India's Digital Personal Data Protection Act, 2023 and Rules, 2025, scope, obligations, and the practical questions clients ask first.
01What does India's Digital Personal Data Protection (DPDP) Act, 2023 require businesses to do?
The DPDP Act applies to any entity processing the digital personal data of individuals located in India, regardless of where the processor is based. At a minimum, businesses must provide a clear notice before collection, obtain free, specific, informed, unconditional and unambiguous consent (or rely on a prescribed legitimate use), limit processing to the stated purpose, implement reasonable security safeguards, and notify the Data Protection Board of India of any personal data breach. The Digital Personal Data Protection Rules, 2025 add operational detail on notice content, consent management, breach reporting timelines, the role of Consent Managers and the supervisory regime for Significant Data Fiduciaries.
Read the full DPDP practice guide →
02Does the DPDP Act apply to companies based outside India?
Yes. The DPDP Act has extraterritorial reach. It applies to the processing of digital personal data outside India where such processing is in connection with any activity relating to the offering of goods or services to Data Principals within India. A foreign company offering services to Indian users must comply, even with no local establishment, no Indian server and no Indian employee.
03Who qualifies as a Significant Data Fiduciary under the DPDP Act?
The Central Government may notify any data fiduciary or class of data fiduciaries as a Significant Data Fiduciary based on factors such as the volume and sensitivity of personal data processed, the risk to data principals, the impact on India's sovereignty and integrity, electoral democracy, security of the state, and public order.
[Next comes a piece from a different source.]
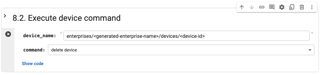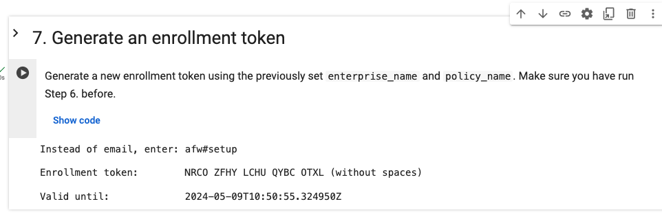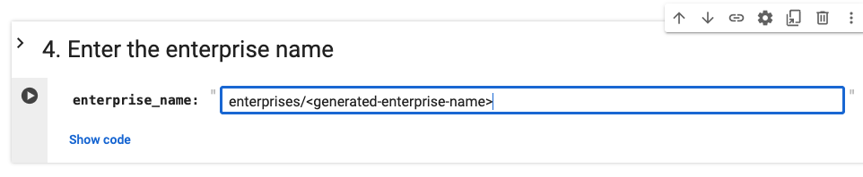 The notebook will print your enterprise name. Enter this name in the next cell's input field: enterprises/<generated-enterprise-name>

Once notified, an SDF must appoint a resident Data Protection Officer, an independent data auditor, and undertake periodic Data Protection Impact Assessments. Banks, large consumer-internet platforms, healthcare aggregators and credit information companies are likely candidates.
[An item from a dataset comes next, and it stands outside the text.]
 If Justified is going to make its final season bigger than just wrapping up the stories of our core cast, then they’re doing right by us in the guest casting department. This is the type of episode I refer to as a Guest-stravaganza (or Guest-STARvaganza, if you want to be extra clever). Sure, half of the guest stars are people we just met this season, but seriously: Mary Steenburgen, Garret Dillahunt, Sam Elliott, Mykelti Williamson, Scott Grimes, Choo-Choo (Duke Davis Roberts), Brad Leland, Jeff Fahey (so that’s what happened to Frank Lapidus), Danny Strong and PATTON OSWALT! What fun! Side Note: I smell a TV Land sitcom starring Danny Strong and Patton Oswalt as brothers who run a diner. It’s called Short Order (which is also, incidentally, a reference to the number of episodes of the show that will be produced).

04What is a Consent Manager under the DPDP Act?
A Consent Manager is a registered entity that provides Data Principals with a single point of contact through which to give, manage, review and withdraw consent. The Consent Manager is registered with the Data Protection Board of India and is required to maintain interoperability standards prescribed under the DPDP Rules, 2025. The design draws on the architecture of the Reserve Bank of India's Account Aggregator framework.
I have written about this in detail for the IBA →
05How quickly must a personal data breach be reported under the DPDP Act?
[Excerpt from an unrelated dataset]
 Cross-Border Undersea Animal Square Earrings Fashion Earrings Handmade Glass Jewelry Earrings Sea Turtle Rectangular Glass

The DPDP Rules, 2025 require Data Fiduciaries to notify the Data Protection Board of India and affected Data Principals of a personal data breach without delay. An initial intimation must be made to the Board, with a detailed report to follow within the timeline prescribed in the Rules. Failure to notify is a separately penalised contravention under Schedule I of the DPDP Act. The timeline runs from the moment you should reasonably have known, not from the moment you actually did, making detection the single most important investment.
06What are the penalties for non-compliance with the DPDP Act?
The DPDP Act provides for graded monetary penalties of up to INR 250 crore (approximately USD 30 million) for failure to take reasonable security safeguards leading to a personal data breach. Lesser penalties apply to other categories of breach, including failure to notify the Data Protection Board, breach of children's data obligations, and breach of additional Significant Data Fiduciary obligations. The Data Protection Board adjudicates complaints and imposes penalties having regard to the nature, gravity, duration and impact of each breach.
07Does the DPDP Act allow cross-border transfer of personal data from India?
Yes. The DPDP Act adopts a negative-list approach. Personal data may be transferred outside India to any country except those the Central Government specifically restricts by notification. This is a meaningful departure from the GDPR's adequacy-plus-safeguards architecture: by default, cross-border transfer is permitted, and a restriction must be affirmatively imposed. Sectoral regulators such as the RBI for payment system data and SEBI for certain regulated entities may, however, impose stricter localisation requirements that are not displaced by the DPDP Act.
08What is the difference between a Data Fiduciary, Data Processor and Data Principal under the DPDP Act?
A Data Principal is the individual to whom personal data relates, including minors acting through a lawful guardian. A Data Fiduciary is any person who, alone or in conjunction with others, determines the purpose and means of processing, the closest analogue to a controller under the GDPR. A Data Processor is any person who processes personal data on behalf of a Data Fiduciary. The Data Fiduciary carries the bulk of the statutory burden; a Processor that strays outside the documented instructions of the Fiduciary may be treated as a Fiduciary for that excursion.